Danielle Touma, Study Lead Author, Bren School of Environmental Science and Management, University of California, Santa Barbara

The study can be found in the journal Science Advances. Funding for the study was received mainly from the U.S. National Science Foundation, which is NCAR’s sponsor, and the Department of Energy. Th researchers are from the University of California, Santa Barbara; the University of California, Los Angeles; the Nature Conservancy of California; and Washington State University.

Fires and Rain and the Rise

Heavy rainfall on charred areas is frequently hard to predict, but it can have destructive effects. In 2018, debris flows in Montecito, California, caused by short but intense rainfall across an area that had burned just a month before resulted in 23 fatalities and caused extensive property damage.

Heavy rain in Glenwood Canyon in Colorado last year caused a huge mudslide in a recently scorched area, leaving over 100 people stranded and closing a section of I-70 in the canyon for weeks.

After a fire, the danger of debris flows continues for 3-5 years, and the hazard of flash floods for 5-8 years because of the time it takes for soil cover and fine roots to recuperate and for the foliage to re-grow.

To analyze the frequency of extreme rainfall events after extreme wildfires in a warming environment, Touma and her co-authors relied on a group of simulations by a number of climate and weather models, such as the NCAR-based Community Earth System Model, a robust computer model that allowed them to estimate probable variations in climate in the western United States.

The outcomes showed that, by the turn of the century, there will be two-fold or more weather conditions that lead to the danger of extreme wildfires across most of the West, with some areas undergoing significantly elevated extreme wildfire hazards within the following few decades. Furthermore, the climate models demonstrated a marked increase in extreme rainfall events.
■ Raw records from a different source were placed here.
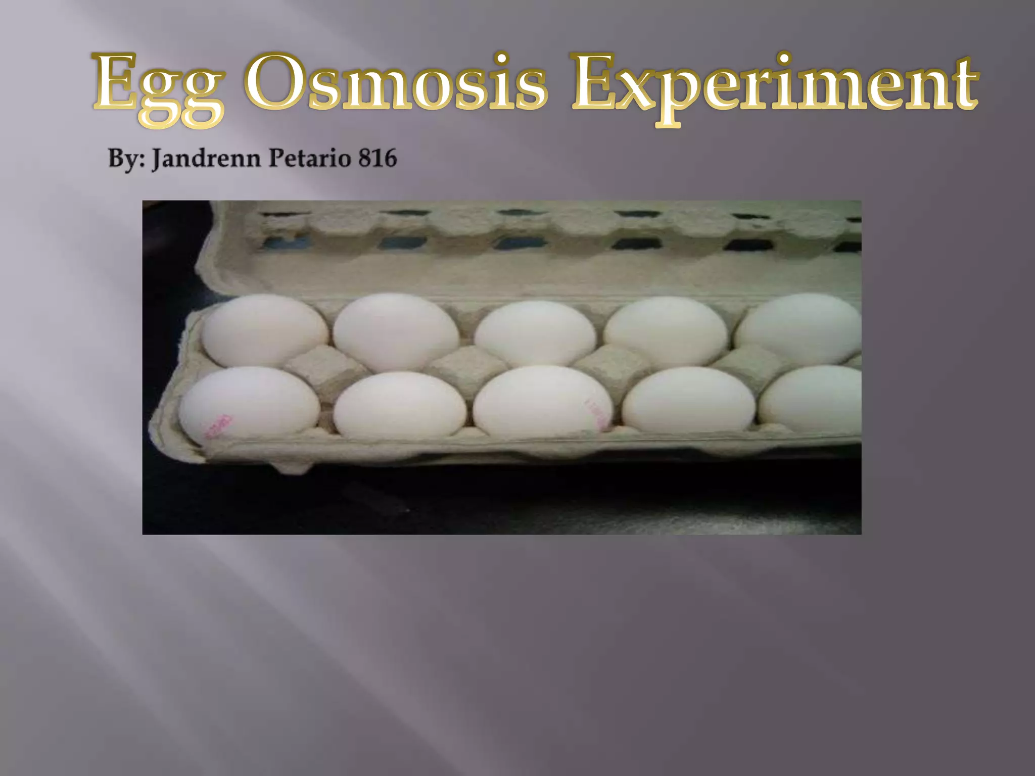 This document describes an experiment to observe osmosis in eggs. Students removed the shell from eggs and measured their initial weight and size. One egg was placed in corn syrup and one in water for 24 hours. The egg in corn syrup shrank and became lighter due to water leaving the egg. The egg in water absorbed water, becoming larger and heavier.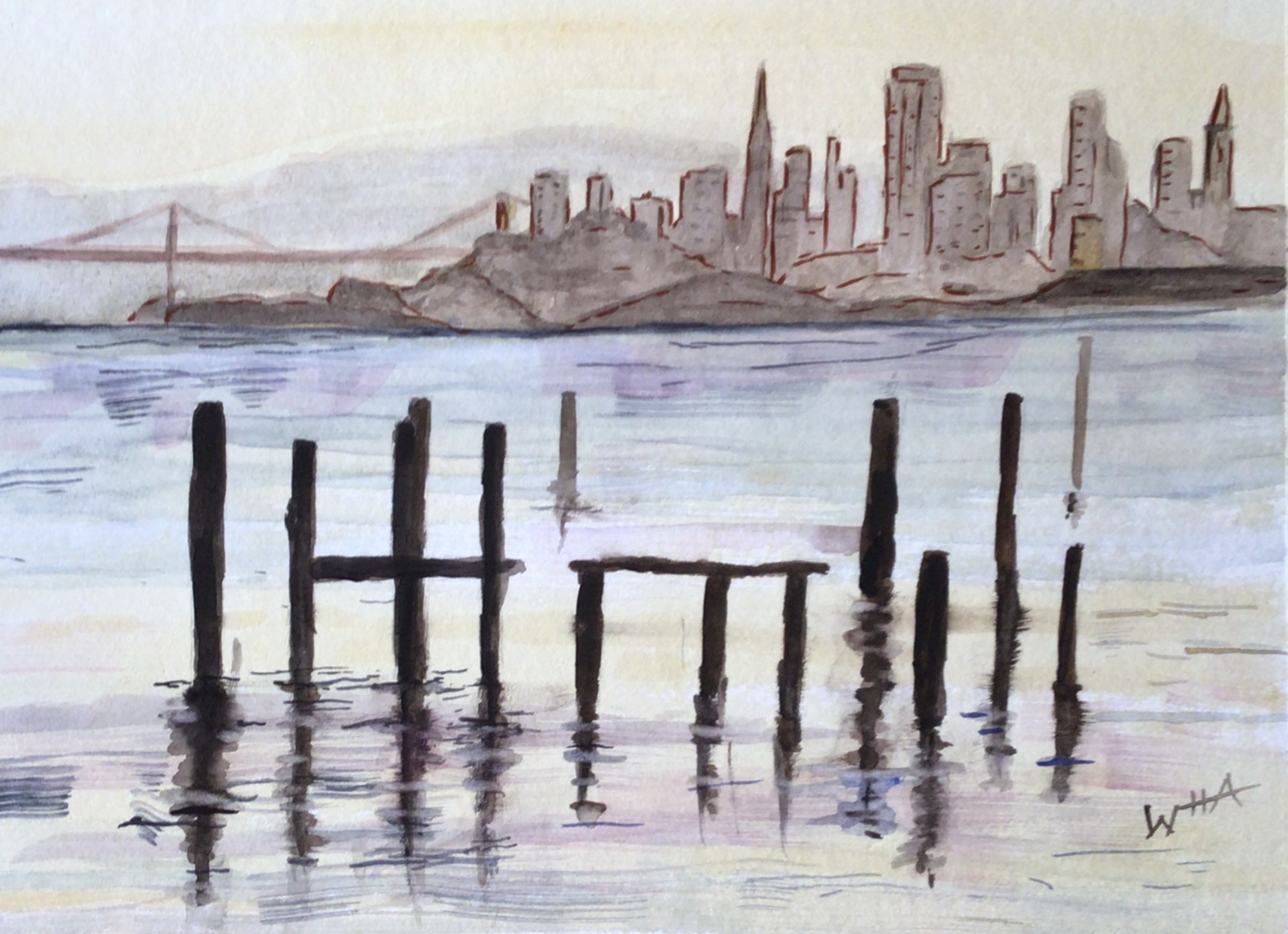 Aquarel Realistisch Watercolor Stadsgezicht Sanfrancisco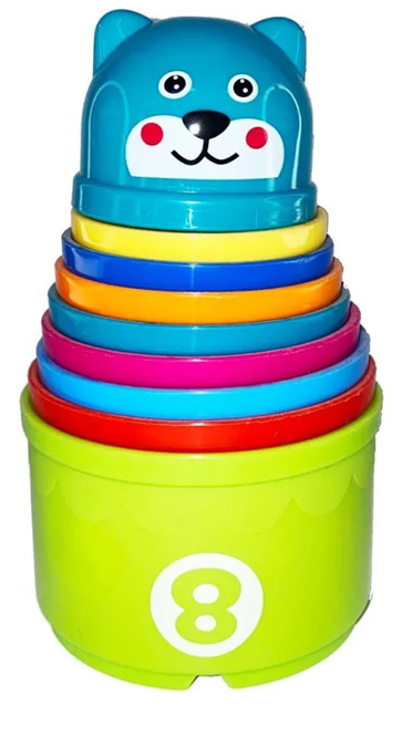 Este kit contém 9 potes no formato de copos, com diferentes tamanhos. Ao empilhá-los, é possível formar uma torre divertida! Os potes são pequenos e simples de manusear, perfeitos para estimular atividades de empilhar e encaixar.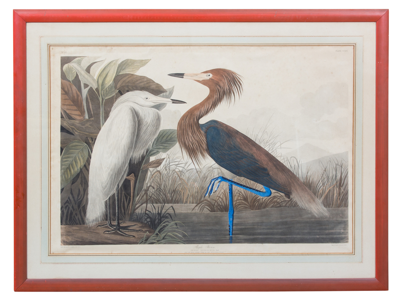 Purple Heron (Plate CCLVI)Ardea RufescensEngraving with etching, aquatint and hand-coloring, ca 1835, on J Whatman paper watermarked 1835, plate 24 1/2 x 36 5/8 in (25 5/8 x 38 in sheet), some overall browning and spotting, a few short tears to upper margin, adhered in top and bottom margins on verso to mat, matted and framedLow p. 121, variant 1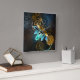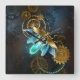Steampunk firefly with blue transparent wings and green light bulb on worn, brown, textured background. Steampunk style.
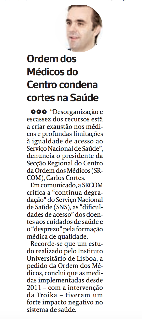 Ordem dos Médicos do Centro condena política de cortes na Saúde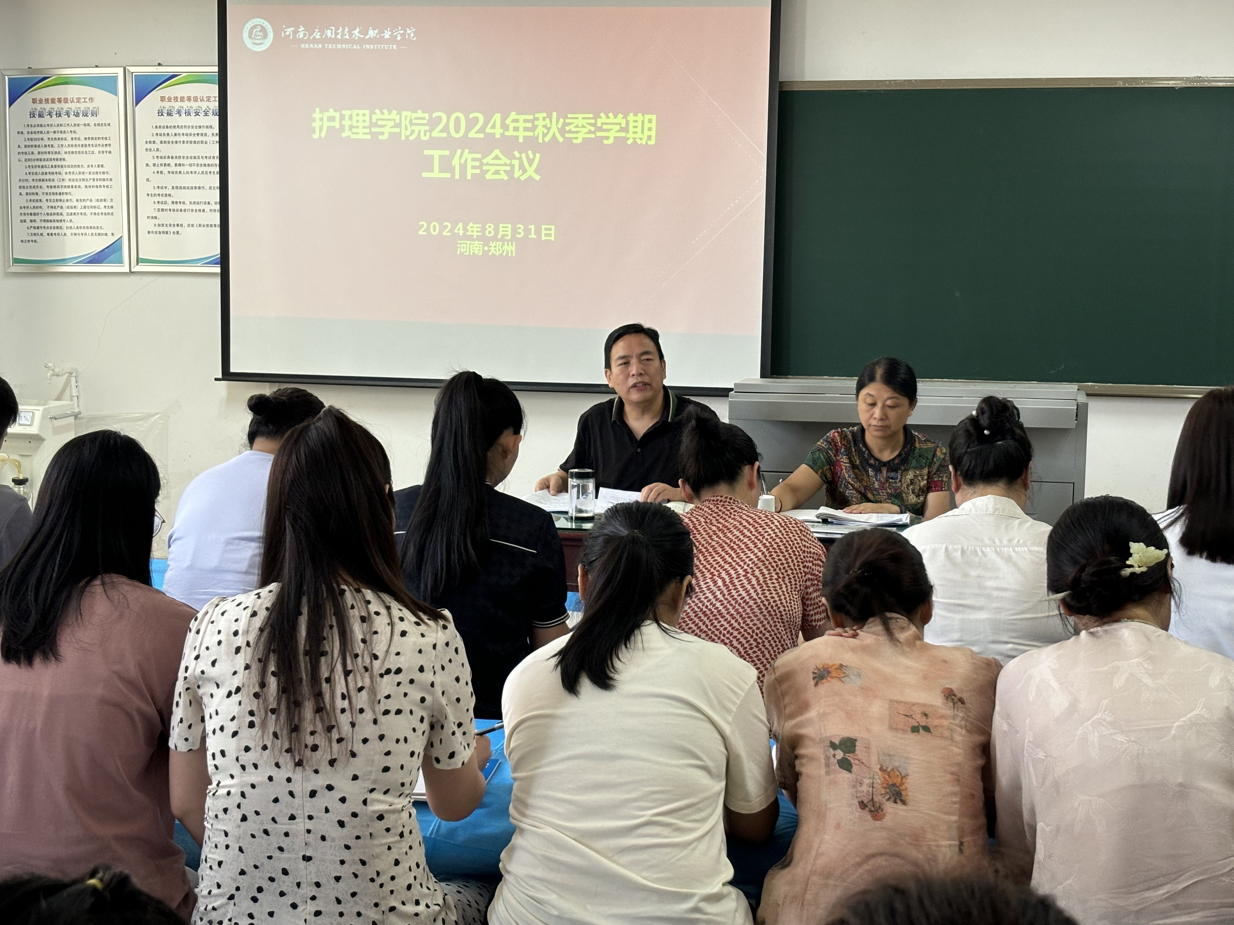 为了确保新学期各项工作的顺利开展,8月31日,护理学院组织全体教职工在D306召开新学期工作会议。护理学院党总支书记杨明杰主持会议,并认真详实传达了学校党委书记闫俊山和校长薄新党在全校新学期工作会议上的讲话精神,总结过去的成绩,分析当前的发展形势,规划新学期的各项工作。本次会议从党建、教学、学生工作、就业、产教融合、“双高”建设、安全稳定等多个方面展开,通过明确工作目标、细化工作措施、强化责任落实,护理学院将在新学期以更加饱满的热情、更加务实的作风,推动学院各项工作再上新台阶。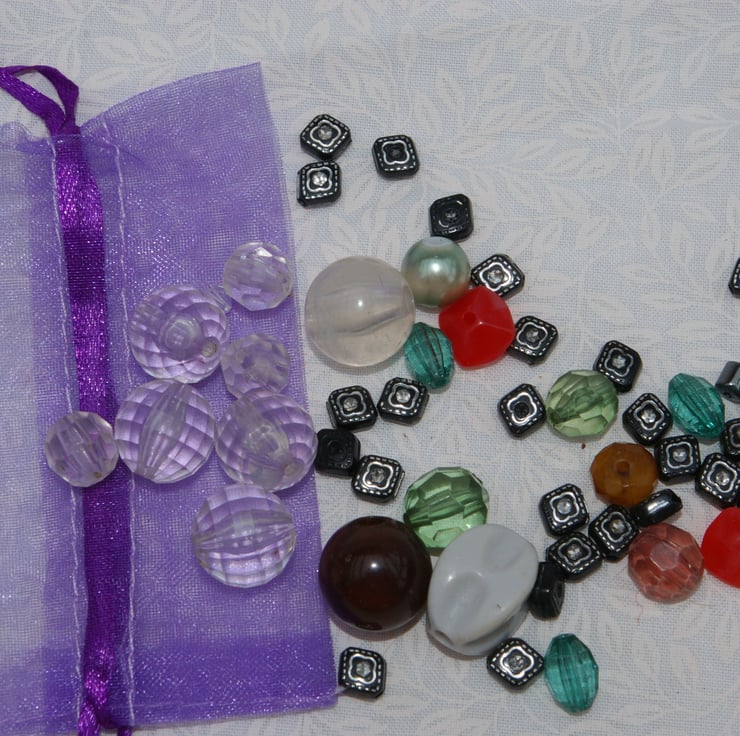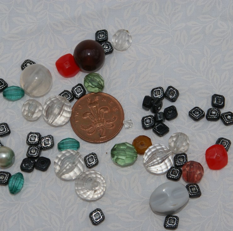 A bag of mixed acrylic beads. This is a de stash bag of assorted sized and colour acrylic beads. Mainly clear, black and green in colour.

The scientists then examined the number of cases wherein extreme rainfall is probable to fall on the same region that recently underwent an extreme wildfire. They learned that over half of extreme wildfire events will be trailed within a year by an extreme rainfall event throughout most of the West, and almost all extreme wildfires in the Pacific Northwest will be trailed by extreme rainfall within 5 years.

Once every 3 years, flooding rains in western Colorado or much of the Pacific Northwest may be anticipated to inundate areas merely three months after extreme wildfires — a situation that was fundamentally unheard of in the last few decades.

Part of the cause for the convergence of extreme fire and rainfall is due to how climate change is modifying the seasonality of these events. For example, the researchers discovered more extreme rain happening in the early fall in Colorado and the Pacific Northwest, near the peak fire season (May-September).

The gap between fire and rainfall season is becoming shorter. One season of disasters is running into another.

Danielle Touma, Study Lead Author, Bren School of Environmental Science and Management, University of California, Santa Barbara

Journal Reference:

Touma, D., et al. (2022) Climate change increases risk of extreme rainfall following wildfire in the western United States. Science Advances.